The Influencing Machine – nGbK, Berlin – a peek…

Hi you,

I maybe shouldn’t share these images, which are merely mocks, but I’m too excited about the incredible work going on in Berlin, towards the ngbk* show The Influencing Machine. My work will be in the show, and in the associated publication.

The show is curated and made real by a working group consisting of Vladimir Cajkovac (curator), Kristina Kramer (translator and curator), Bettina Lehmann (curator), Sophie Macpherson (artist), Tahani Nadim (academic), and Neli Wagner (curator), plus all the good folk at ngbk.

Contributing artists include Anna Bromley, Kajsa Dahlberg, Egemen Demirci, Fabien Giraud & Raphaël Siboni, Fokus Grupa, Eva & Franco Mattes, Mimi Onouha & Mother Cyborg, Sascha Pohflepp & Chris Woebken, Tactical Tech, Jane Topping, Sarah Tripp, Clement Valla, Laura Yuile

The exhibition seeks to address recent debates on the manipulations of socio-political processes (particularly elections) by bots, automated processes programmed to interfere in online networks and communications. We are interested in extending the available vocabulary and imagination for talking and thinking about the phenomenon of “political bots” in a two-fold manner: Firstly, by focusing on the socio-material dimensions of “bots” (infrastructures, labour processes, historical narratives) and secondly, by suggesting that technologies such as bots are always already political, that is, they are the articulation of historically specific interests and positions.  (Tahani Nadim)

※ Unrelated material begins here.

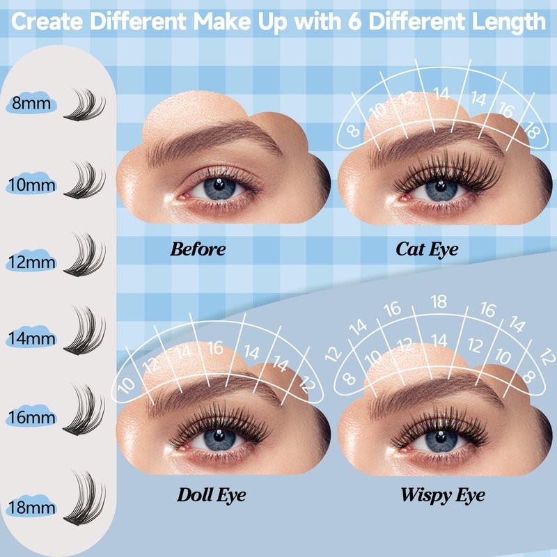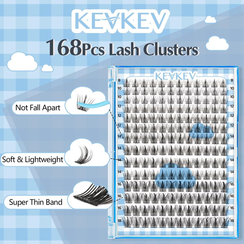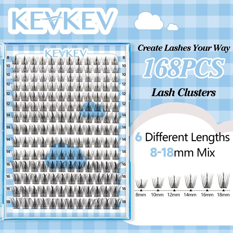 - Multiple Length Combinations: Elevate your lash make up with KEVKEV 168Pcs Lash Clusters. Experience the convenience of a large capacity DIY lash extension featuring 168Pcs cluster lashes in 6 different lengths (8-18mm).
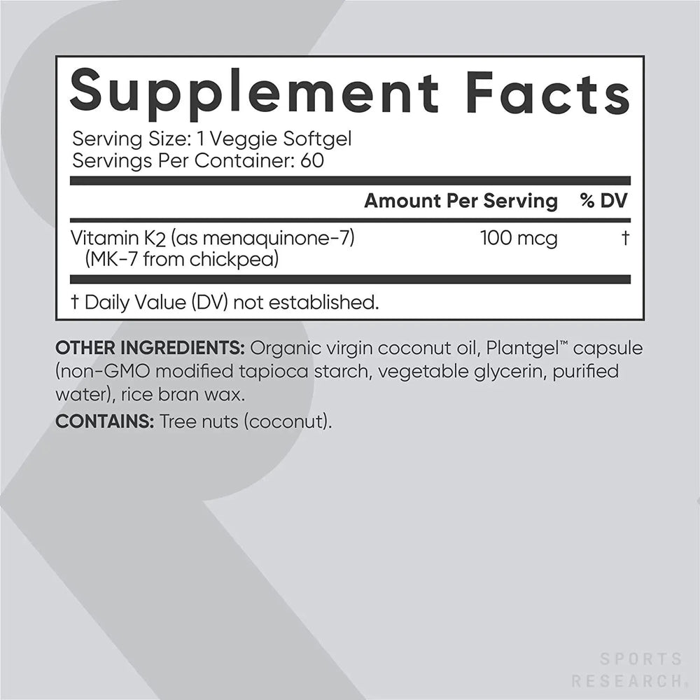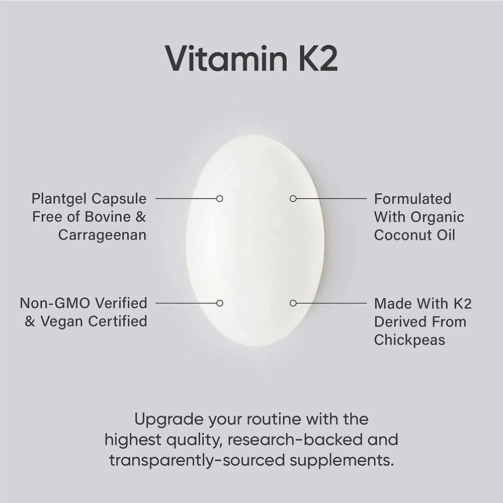 Beneficios La vitamina K2 como menaquinona-7 (MK7) es necesaria para transportar el calcio desde el torrente sanguíneo hasta los huesos, apoyando la densidad ósea y la salud cardiovascular.

The Influencing Machine runs: December 1st  to January 20th. We should, like, totally go.

See also:

*The neue Gesellschaft für bildende Kunst (nGbK), founded with a grass-roots structure in 1969, is today one of Germany’s most significant and largest art societies. The unique structure of the nGbK enables its members to directly influence its thematic orientation: exhibitions, interventions, research projects, event series and publications are developed in interdisciplinary project groups. The nGbK has established itself as an innovative venue for contemporary art and exhibition production which has left its mark on generations of curators, artists and creatives, and whose experimental exhibition concepts count as path-breaking. They have provided important impetus and continue to engage with relevant socio-political topics. Themes such as racism, National Socialism and urban politics are negotiated time and again, with a further focus placed on (post)migrant, (post)colonial and gender issues.